Женечка с мамой шли за водой на Большую Невку. Прасковья Даниловна тащила на санках пустую выварку и ведро, а девочка несла детское ведёрко.
- Пить…- раздалось сбоку, и они увидели сидящего на земле мужчину.
Смочив ему губы каплей воды со дна ведра, мама сказала:
- Посидите. Сейчас принесём...
Юлия ЯГНЕШКО
Возвращаясь, они всё поглядывали вперёд. Сидит ли человек? Сидит!
Женечка прибавила шагу, расплёскивая водичку, но радуясь: сейчас дяденька попьёт.
«А он уже мёртвый, - вспоминает Евгения Степановна Рубинштейн. - Мама влила ему глоточек: «Я же обещала...» И закрыла покойнику глаза. Я рассердилась: «Зачем ты? Он же видел небо...» В марте 1942-го мне не было и пяти лет. Ничего я не понимала...»
Зажигали огоньки
«Я - ленинградка, - говорит наша собеседница. - Родилась в деревне под Псковом, но в 1939-м, когда мне исполнилось 2 года, отец перевёз семью в Ленинград, где устроился в хозбригаду института авиационного приборостроения и ему дали жильё».
Как провожали отца на фронт, не помнит. Запомнилось, как уезжали из квартиры у Пулковских высот в центр города, когда начались обстрелы.
«Мама поставила меня на подоконник. Брат и сестра стояли рядом. Гене 10 лет, а Рае только исполнилось 16.
Мы видели окопы.

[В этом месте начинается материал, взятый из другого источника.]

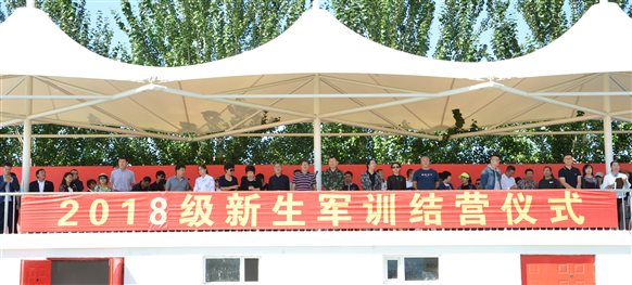 8月31日,我院2018级新生军训结营仪式在学院运动场隆重举行,学院党委委员、副院长张玉堂,学生工作处处长刘长林、各系主任、学管教师及全体新生班主任出席仪式。

Казалось, маленькие солдатики из игрушечной коробки брата бегают и зажигают огоньки».
Привезли их на Петроградскую сторону, в 6-метровую комнатку консьержки на улице Рентгена: две кровати, между ними перекладина - столик, этажерка и буржуйка. Одежду развесили на гвоздях по стенам. Так и устроились.
В ритме метронома
8 сентября 1941 года вокруг Ленинграда сомкнулось кольцо блокады. С нею пришли бомбёжки, холод и голод…

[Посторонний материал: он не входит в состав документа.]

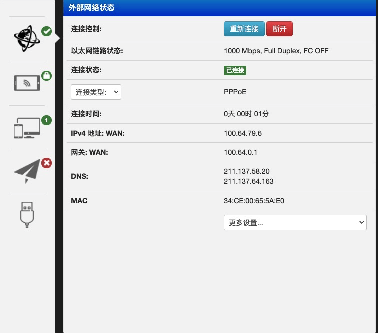 首先这是默认拨号后外部网络状态,可以看到获取的外网WAN的ip和网关、DNS等信息

Рая работала операционной сестрой в госпитале. И Женя слышала, как она шёпотом рассказывала маме:
- Перед ампутацией, чтобы приглушить боль, людям дают спирт. Санитарки держат их изо всех сил, а раненые так кричат…
Город жил в ритме метронома, щёлканье которого передавало радио. Если ритм учащался, значит, воздушная тревога, скоро начнут бомбить.

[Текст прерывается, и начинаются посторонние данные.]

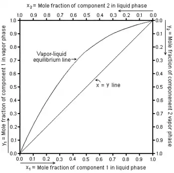Il est donc possible de représenter les quatre fractions molaires comme sur le diagramme donné en exemple sur la figure 1[3]. La diagonale entre les coins de coordonnées (, ) et (, ) est utilisée comme référence. Si la courbe d'équilibre croise la diagonale, le point d'intersection représente un azéotrope.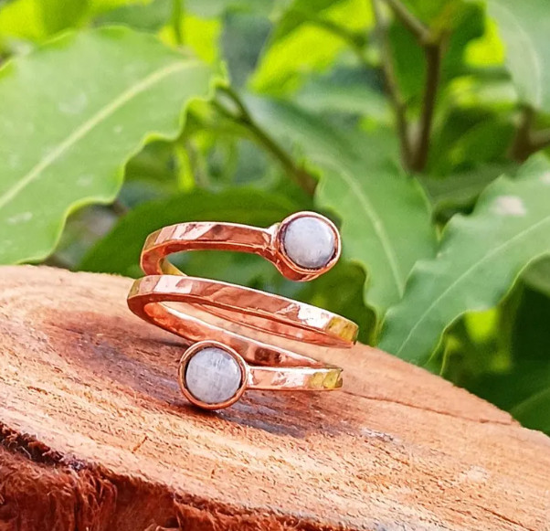 как выглядит Handmade Rainbow Moonstone Ring Arthritis Pain Relief Copper Ring All Size SR376 фото

«Первое время мы спускались в бомбоубежище в подвале нашего дома, - рассказывает Евгения Степановна. - Там дежурила санитарка с красным крестом на шапочке. Стоял питьевой бачок с кружкой на цепочке. И всегда плакали дети...»
«Стрелять буду!»
Отец служил на Ленинградском фронте, защищал знаменитую Невскую Дубровку. (Там Степан Парфеньевич Быков заслужил орден Отечественной войны 2 степени.)
Папу ранили, и мама с Женей ходили к нему в госпиталь.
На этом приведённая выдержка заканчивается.